The contribution of MTab to the research community is considered very important. However, there are some serious problems with the submitted paper that make me ask for major revisions. I believe that the authors will put enough effort to significantly improve the presentation of the paper, which is currently of low quality. Please find my detailed comments regarding originality, significance of the results, and quality of writing, below.

(1) Originality: OK
This paper is an extended version of the MTab4DBpedia system paper that was published in the SemTab challenge proceedings, which is also available on arXiv. In the submitted paper, the authors have included an error analysis section, and a discussion about the the SemTab challenge.
In Section 1, you should be more detailed about the exact differences to your arXiv paper (reference [5]). You should also cite your paper in the SemTab 2019 proceedings and explicitly state the differences to this submitted paper. If the SemTab proceedings paper is the same as the one on arXiv, you can just cite both previous papers.

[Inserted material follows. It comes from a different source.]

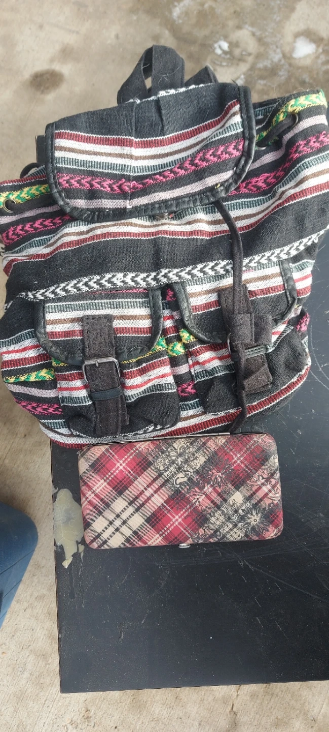 Selling a cute striped backpack and a plaid wallet as a set! The backpack has a unique design with multiple colours, and the wallet has a stylish plaid pattern. They're both in good condition and ready for a new owner

(2) Significance of the results: Great
This is the strongest part of the paper.

- The authors have done a remarkable job in constantly showing the best performance among all rounds and all tasks of the SemTab challenge. As one of the challenge co-organizers, I know that this was not at all easy and the competition was quite strong.

- The insights provided in Section 4.5 were a true delight to read. Very informative, very helpful and showing that the authors have a very good understanding in the domain. One thing that could be improved though, is that the authors focus too much (or entirely sometimes) or the errors of the benchmark data provided by the challenge, and say nothing about the errors of the MTab system. I would like it even more if the authors also described the errors of MTab, i.e., even if there were no errors in the benchmark data, the scores would still be perfect. What are the cases where the benchmark data and ground truth were correct but MTab failed?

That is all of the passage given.